I Do All The Time
An Explanation of why losing followers might get you more business, or valuable contacts:
Here is the deal, everyone is not going to like you, even people who liked one thing you said or wrote and followed/liked you in social media. So don’t pussy foot around trying to make everyone happy. You will still lose followers and they may be the ones that most relate to the real you.
So I make a video series that is focused on chronicling life with my friends and family, it is the Spirocks TV you see on the upper right. Viewers mostly consist of people in my day to day life that make appearances in the videos… but occasionally I get comments and messages telling me I am inappropriate.

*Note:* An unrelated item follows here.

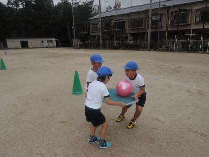ころころ転がるボールに四苦八苦しながらも,どの子も一生懸命に,そして楽しく練習することができました。
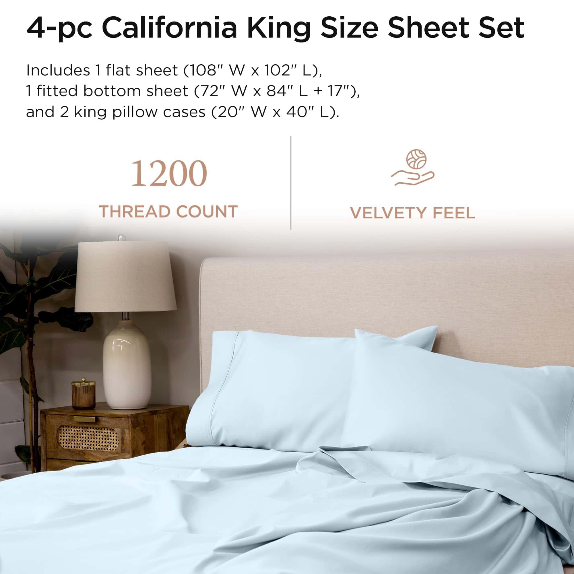 Juego de Sábanas California King -Azul Claro

The reasons I make the videos are for fun, posterity, and to show my clients how far you can go sharing parts of your personal life with potential customers without bad things happening.
Now what if I made these and pre-scripted them? Or edited out funny shit? Or perhaps I simply wouldn’t say things that have sexual overtones, swears, may offend some group somewhere, or in general just wasn’t myself.
It would be two things:
- Lame
- A failure
Not exactly the result I am looking for now is it? Recently I posted a video from a family get together where all the 20-30 year olds sat together and joked around. Somehow we started talking about a comedy skit we wanted to make called ‘Happy Ending Hospice‘ and it was caught on camera. While editing I didn’t even flinch from using it because, it is funny, and was a real not-canned conversation that I wanted to be able to laugh at with my family.

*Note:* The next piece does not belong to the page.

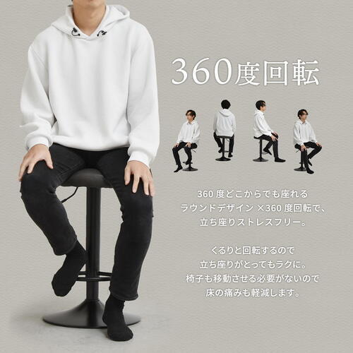ガス圧昇降式で高さ調節可能

I did realize that the sexual overtones would be too much for somebody out there. I don’t worry about those people, at all. In fact chance are that if I tried to do business or hang out with someone who couldn’t laugh at a sexual innuendo I would want to leave without saying goodbye and or slap them out of their stuppor.
One of my clients (see a recent video for him here) who I talk to about the benefit of being yourself and at the same time knowing the line not to cross saw the title and jokingly tweeted me: “I’m remembering this headline when my next 10 tweet ideas are rejected as inappropriate.” That got me thinking.
What is the difference between sharing the real you and sharing something inappropriate?
Like Supreme Court Justice Potter Stewart said in his statement for the court’s obscenity case of Jacobellis v. Ohio (1964). He wrote that “hard-core pornography” was hard to define, but that “I know it when I see it.”
A good thing to consider if you you are worried you are possibly crossing the line is to ask yourself: Am I expressing myself in a way that is just revealing who I am, or am I expressing myself in a way that is condescending to other people?
Not Everyone Has the Same Style
If you are just expressing your style, go for it, because while I may not relate to the gentleman in the picture above, a lot of people will. That is how it works, you don’t get to be perfect and loved by everyone. Sorry not happening.
So if you have been tip toeing around, maybe it is time to break out, be yourself, and gain the traction with the people who could relate to you. Those are the people that you need to have identify with you, seek you out, follow your writing, and become your customers/partners.
Find that sweet spot, its easy because it is you.